Saved entries
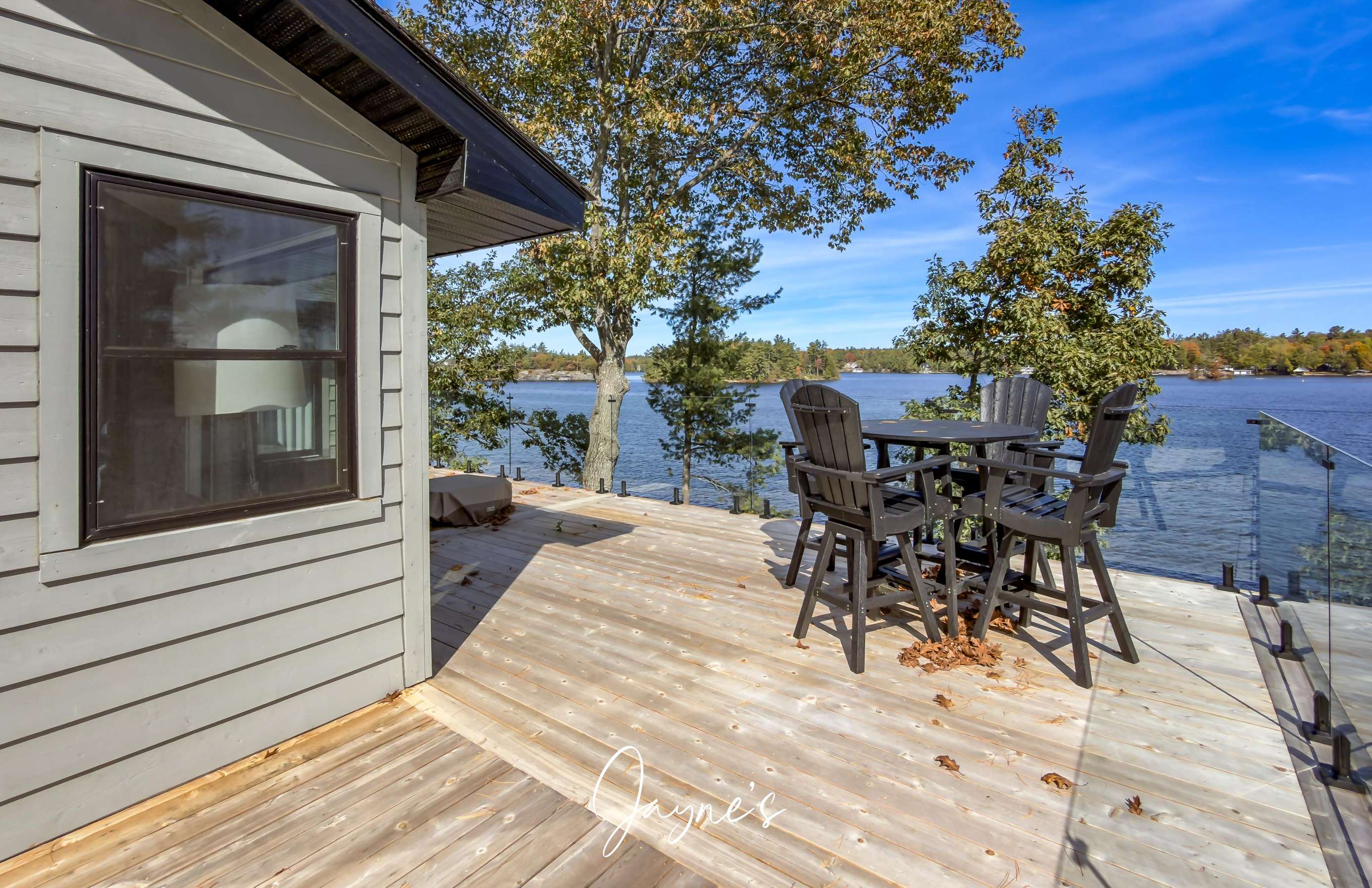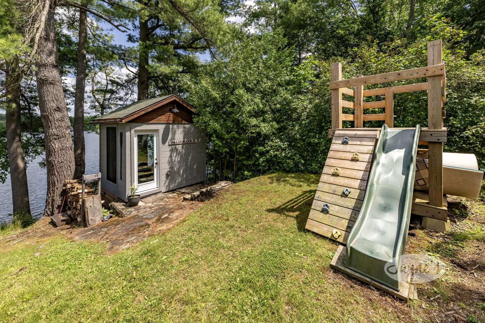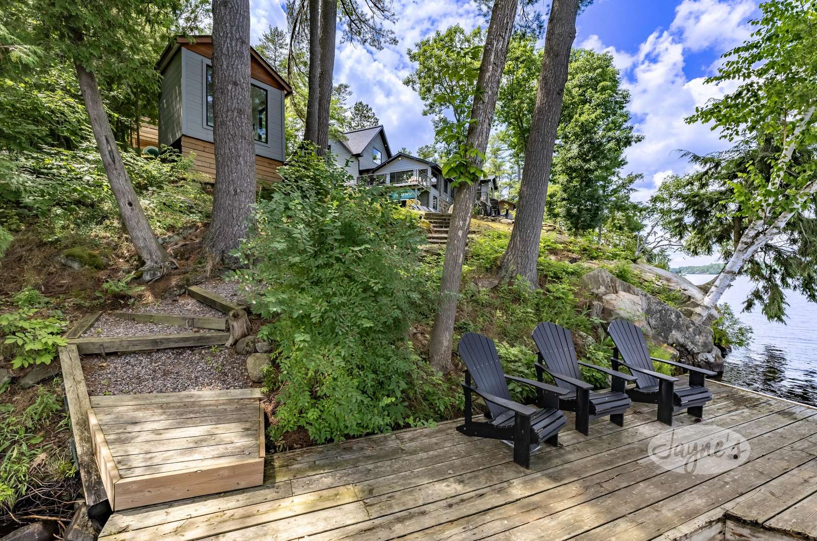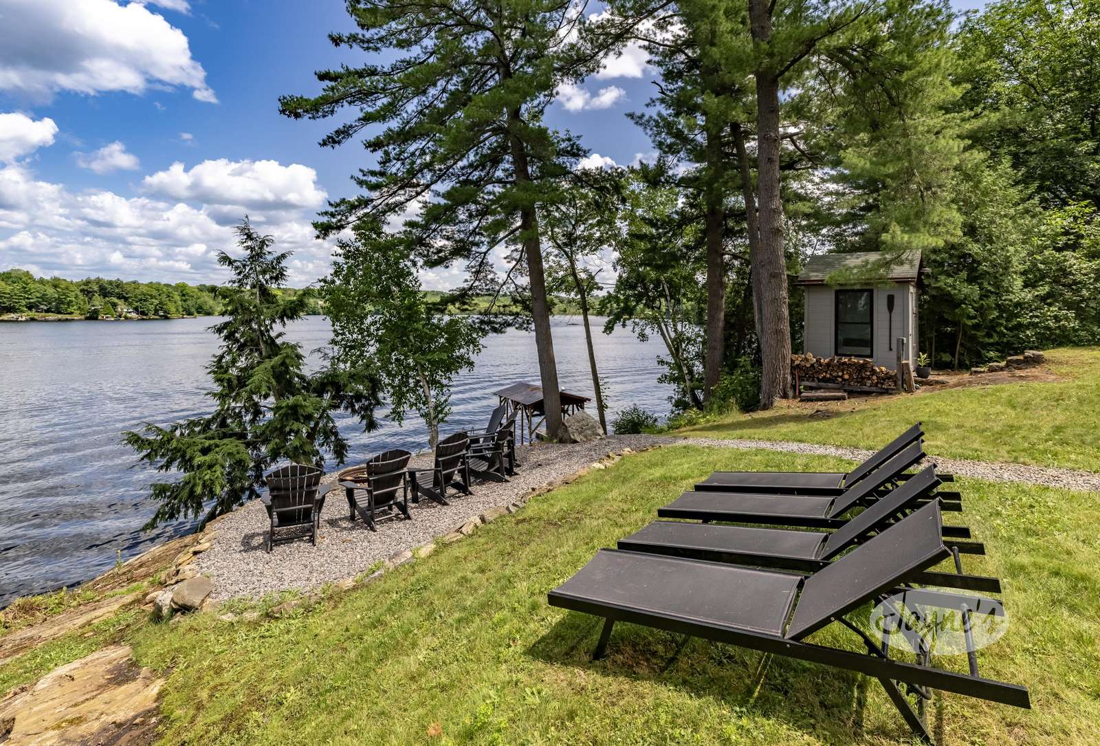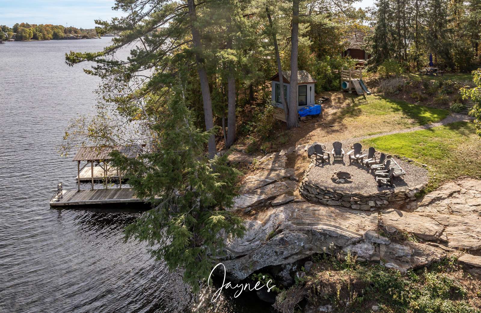 PARKERS POINT rests on a stunning property at the end of a peninsula on the south west side of Lake Muskoka. With water surrounding the point on three sides, Parkers Point provides renters with an authentic Muskoka experience! With multiple outdoor seating areas, there are many vantage points to take in the views while supervising the children. The deck is located right off of the great room and features 4 high-top Muskoka chairs with a matching round table. A propane BBQ and 2 additional Muskoka chairs sit on opposite ends of the deck, making this the perfect place to entertain! The deck leads you towards level grassy land that gently slopes towards the waterfront. The grassy lawns and 148 feet of frontage makes this destination a wonderful place for families of all ages. On your way to the water, you will notice a beautiful Muskoka-esque rock face that is level to the land. Beside the rock sits the fire pit with 5 Muskoka chairs looking out into the surrounding bay. The winterized bunkie and children's play-set sits not far away. A naturally designed stone walkway brings you down towards the timber frame boathouse with docks on either side. 2 Muskoka chairs sit beside the open-concept boathouse that offers 1-slip for boat docking.
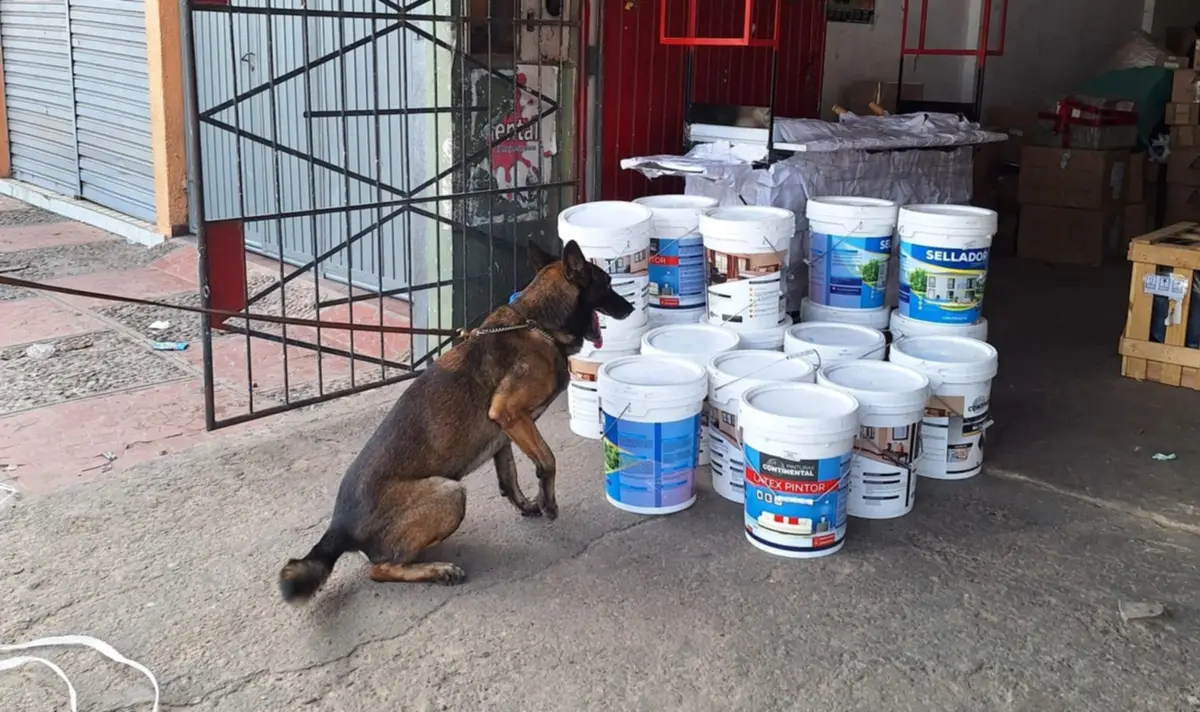 El can «Xaman» alertó a los agentes sobre un olor extraño proveniente de varios baldes de pintura, que habían llegado desde la ciudad de Sucre.
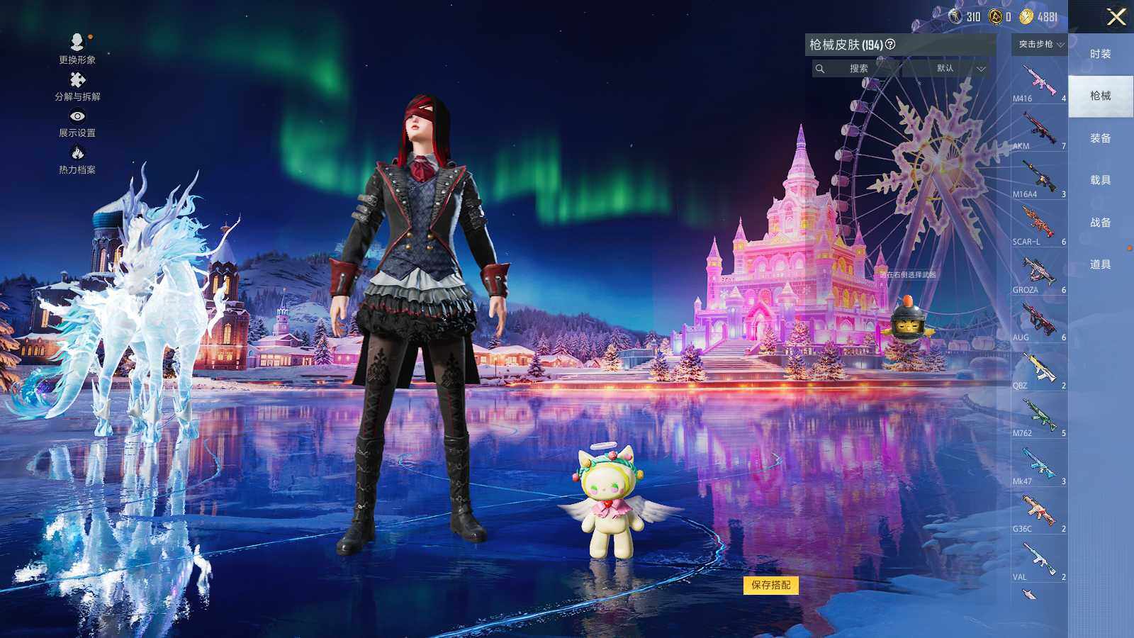 M416-电玩时刻,GROZA-镜光银凌,AUG-星之彼岸,AUG-暖羊咩咩,M762-青锋波束,UMP45-量子极限,Kar98K-巳巳如意
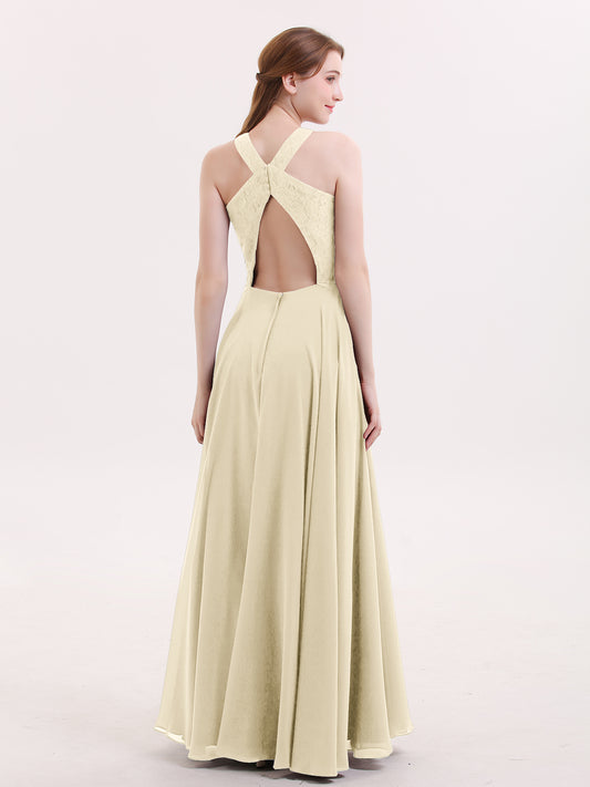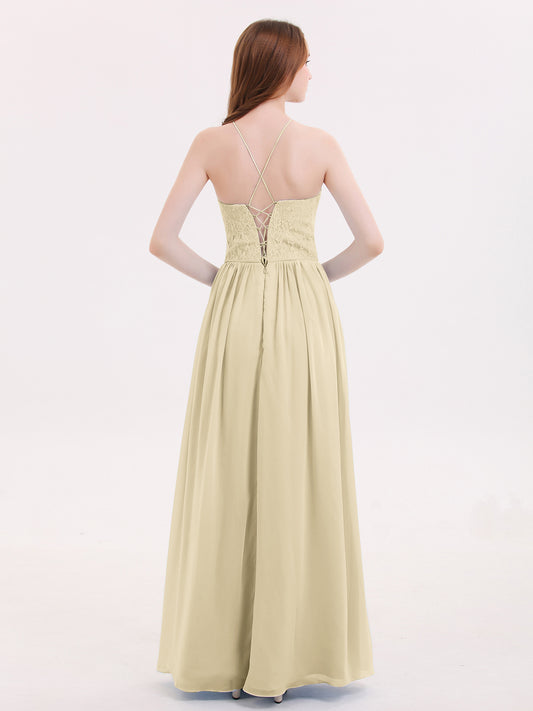 Babaroni FannyFanny Cabestro Largo Gasa Vestido De Dama De Honor Champán
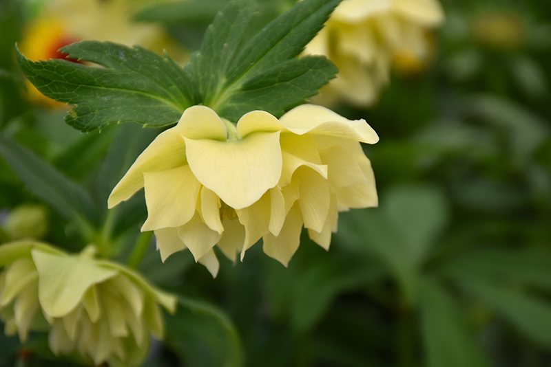 Golden Lotus Hellebore features showy nodding double gold cup-shaped flowers with chartreuse eyes and rose edges at the ends of the stems from late winter to early spring. Its glossy oval compound leaves remain bluish-green in color throughout the year.
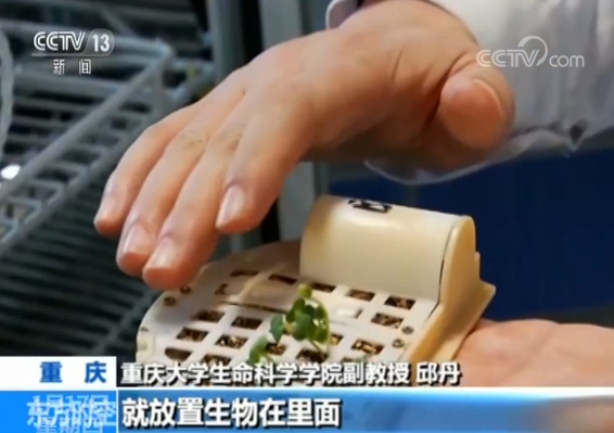 重庆大学生命科学学院副教授 邱丹:这个是一个3D打印的模块,月球上放的是这样一个完全一模一样的模块,就放置生物在里面,然后盖上水溶棉,然后固定好,封上胶,确保它不会泄漏或者溢出。
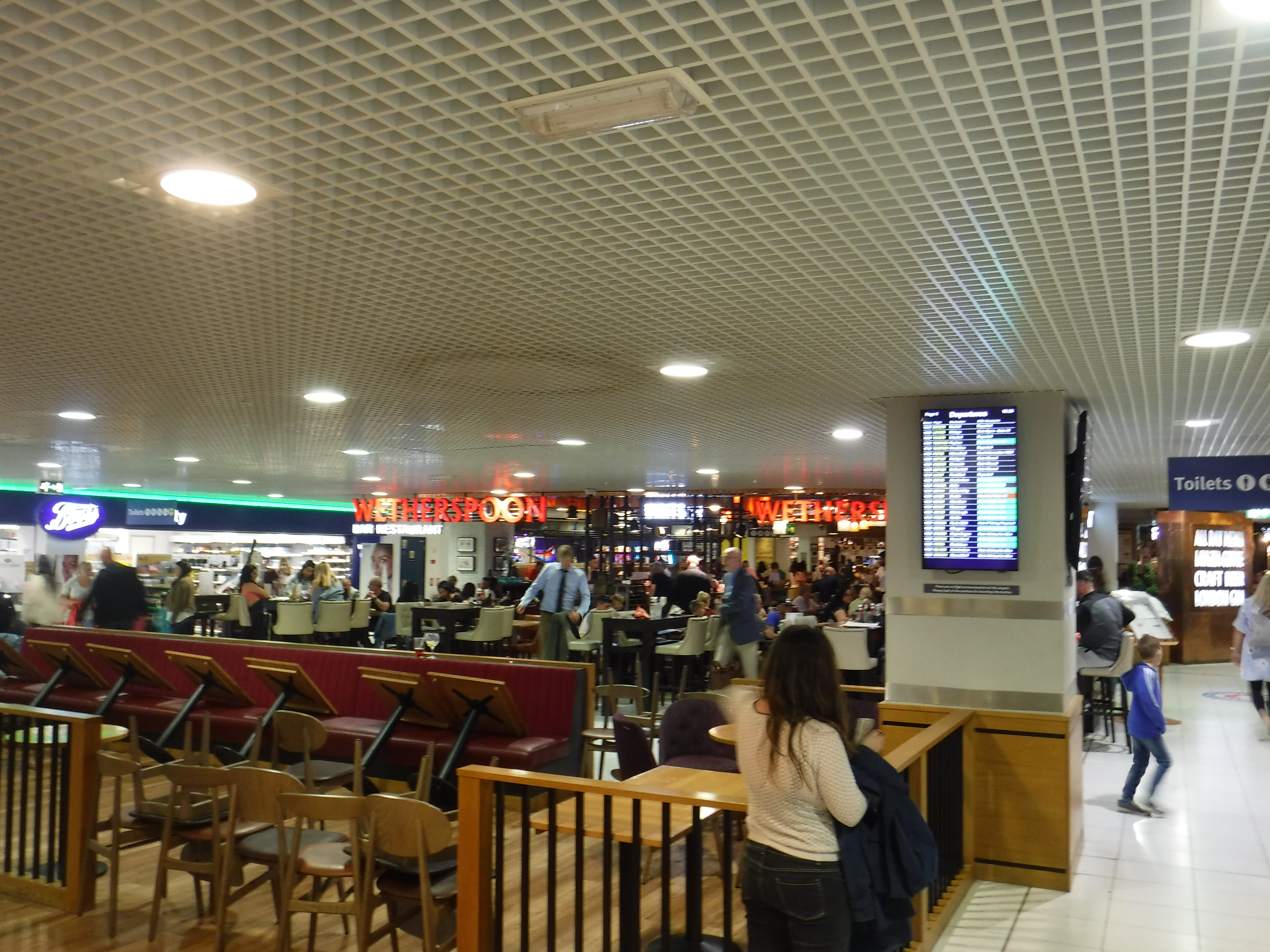 Terminal pierwszy nie przeszedł remontu od siedmiu lat, to nic dziwnego, bo wtedy ukończono ostatni remont, ale – po pierwsze przestrzeń pierwotnie przeznaczoną dla pasażerów wypełniają teraz kawiarnia, bar szybkiej obsługi i o zgrozo – pijalnia piwa (pub dla nieświadomych)! Czyli, że po pierwsze znacząco zmniejszono liczbę dla oczekujących pasażerów, a po drugie nie dość, że większość wspomnianych pasażerów na lotnisku doprawia się piwskiem i chodzi napruta (no, ci bardziej wysublimowani mogą się napić Prosecco w firmowym bufecie, no i chodzą ubzdryngoleni, bo naprucie im nie przystoi), to jeszcze dają upust swoim chuciom i potrzebom w sąsiedniej toalecie. Dzięki temu nie tylko brodzi się tam po kolana w moczu, a ścieżkę wskazują wszechobecne drogowskazy z powyciąganego papieru toaletowego, ale też w kabinach czekaja wszelakie niespodzianki, od „oczywistych” po zużyte środki antykoncepcyjne użytku zewnętrznego (nie, nie chodzi o maści). Korzystając przypomniał mi się monolog pana Abelarda Gizy poświęcony toaletom publicznym. Polecam obejrzeć w zakamarkach jutuba.

• Exercise: With all pictures omitted, repeat every record above word for word.

• Result:
 PARKERS POINT rests on a stunning property at the end of a peninsula on the south west side of Lake Muskoka. With water surrounding the point on three sides, Parkers Point provides renters with an authentic Muskoka experience! With multiple outdoor seating areas, there are many vantage points to take in the views while supervising the children. The deck is located right off of the great room and features 4 high-top Muskoka chairs with a matching round table. A propane BBQ and 2 additional Muskoka chairs sit on opposite ends of the deck, making this the perfect place to entertain! The deck leads you towards level grassy land that gently slopes towards the waterfront. The grassy lawns and 148 feet of frontage makes this destination a wonderful place for families of all ages. On your way to the water, you will notice a beautiful Muskoka-esque rock face that is level to the land. Beside the rock sits the fire pit with 5 Muskoka chairs looking out into the surrounding bay. The winterized bunkie and children's play-set sits not far away. A naturally designed stone walkway brings you down towards the timber frame boathouse with docks on either side. 2 Muskoka chairs sit beside the open-concept boathouse that offers 1-slip for boat docking.
 El can «Xaman» alertó a los agentes sobre un olor extraño proveniente de varios baldes de pintura, que habían llegado desde la ciudad de Sucre.
 M416-电玩时刻,GROZA-镜光银凌,AUG-星之彼岸,AUG-暖羊咩咩,M762-青锋波束,UMP45-量子极限,Kar98K-巳巳如意
 Babaroni FannyFanny Cabestro Largo Gasa Vestido De Dama De Honor Champán
 Golden Lotus Hellebore features showy nodding double gold cup-shaped flowers with chartreuse eyes and rose edges at the ends of the stems from late winter to early spring. Its glossy oval compound leaves remain bluish-green in color throughout the year.
 重庆大学生命科学学院副教授 邱丹:这个是一个3D打印的模块,月球上放的是这样一个完全一模一样的模块,就放置生物在里面,然后盖上水溶棉,然后固定好,封上胶,确保它不会泄漏或者溢出。
 Terminal pierwszy nie przeszedł remontu od siedmiu lat, to nic dziwnego, bo wtedy ukończono ostatni remont, ale – po pierwsze przestrzeń pierwotnie przeznaczoną dla pasażerów wypełniają teraz kawiarnia, bar szybkiej obsługi i o zgrozo – pijalnia piwa (pub dla nieświadomych)! Czyli, że po pierwsze znacząco zmniejszono liczbę dla oczekujących pasażerów, a po drugie nie dość, że większość wspomnianych pasażerów na lotnisku doprawia się piwskiem i chodzi napruta (no, ci bardziej wysublimowani mogą się napić Prosecco w firmowym bufecie, no i chodzą ubzdryngoleni, bo naprucie im nie przystoi), to jeszcze dają upust swoim chuciom i potrzebom w sąsiedniej toalecie. Dzięki temu nie tylko brodzi się tam po kolana w moczu, a ścieżkę wskazują wszechobecne drogowskazy z powyciąganego papieru toaletowego, ale też w kabinach czekaja wszelakie niespodzianki, od „oczywistych” po zużyte środki antykoncepcyjne użytku zewnętrznego (nie, nie chodzi o maści). Korzystając przypomniał mi się monolog pana Abelarda Gizy poświęcony toaletom publicznym. Polecam obejrzeć w zakamarkach jutuba.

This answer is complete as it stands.